This isn't discussed in any great detail (this is, after all, only a 60 some odd page book, and the Mwangi Expanse is the equivalent of many nations in terms of size and diversity) but there's enough here to get you going for quite awhile, including, to use a few examples, the Aspis Consortium's corrupt trading city, a city ruled by an undead child-god who wants to drive all foreign elements from the land, a city ruled by a demonic gorilla and his demon-tainted apes, a crashed flying city, a number of cities that appear to possibly harbor unknown Lovecraftian entities buried beneath their depths, and more. In fact, anyone who was even a little familiar with my wildly successful Demons in the Mist Pbp game will know that I stole the idea of the gorilla nation wholesale from the Paizo campaign setting (although at the time, there wasn't any detail around it at all except that there was this gorilla kingdom deep in the jungle that exterminated any human(oids) who wandered into its territory.)
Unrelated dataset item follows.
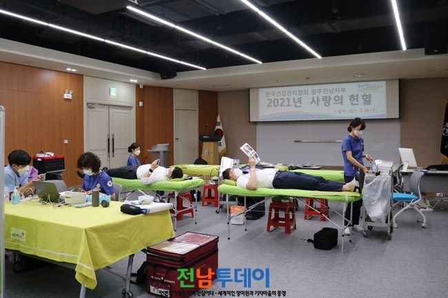 [전남투데이 윤진성 기자]한국건강관리협회 광주전남지부(본부장 김계환)은 코로나19 사태로 인한 혈액 수급난해소를 위해 단체 헌혈을 28일 실시했다.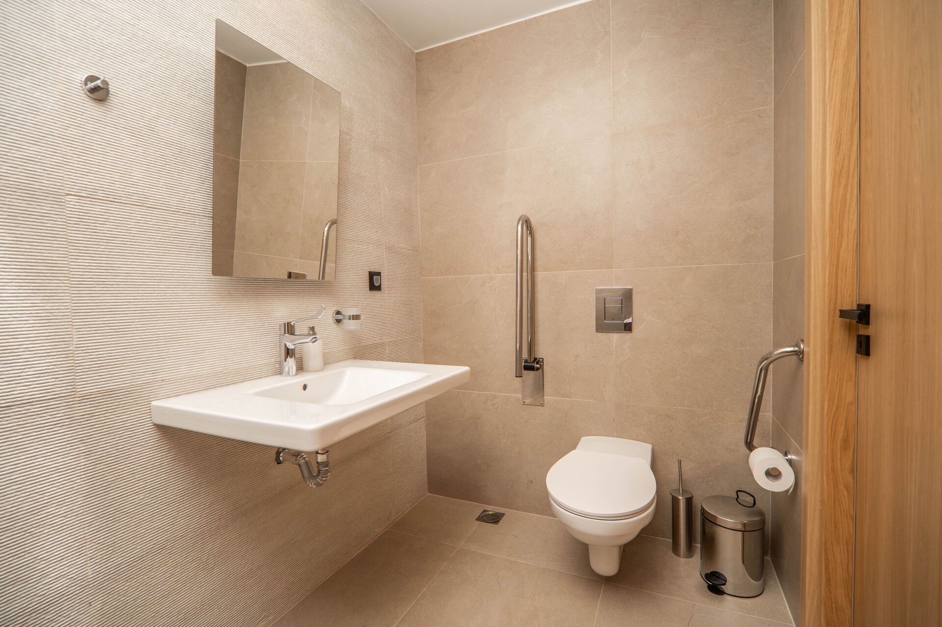 Ground floor: living area with living room, dining area and kitchen (dishwasher, oven, microwave, coffee maker, freezer, toaster, electric kettle), double bedroom with private bathroom with shower (the bathroom is suitable for people with disabilities).

Paizo included a number of partial page maps of a number of cities, but only a few of them were actually professional cartographic representations of the kind they normally use, while the rest were, they claimed, designed to represent the kinds of hearsay and dubious maps you might find from hucksters and would be guides at some of the outpost towns here and there in the area; stuff that would prompt you to go to the jungle, but give you dubious benefit once you're there. They were designed to be player handouts and aides, although in that task, I'm a little curious how well they'd really work, especially since some of them straddle the spine of the book. Curious and potentially neat idea; I'm not sure if they have yet perfected the execution of it here, though.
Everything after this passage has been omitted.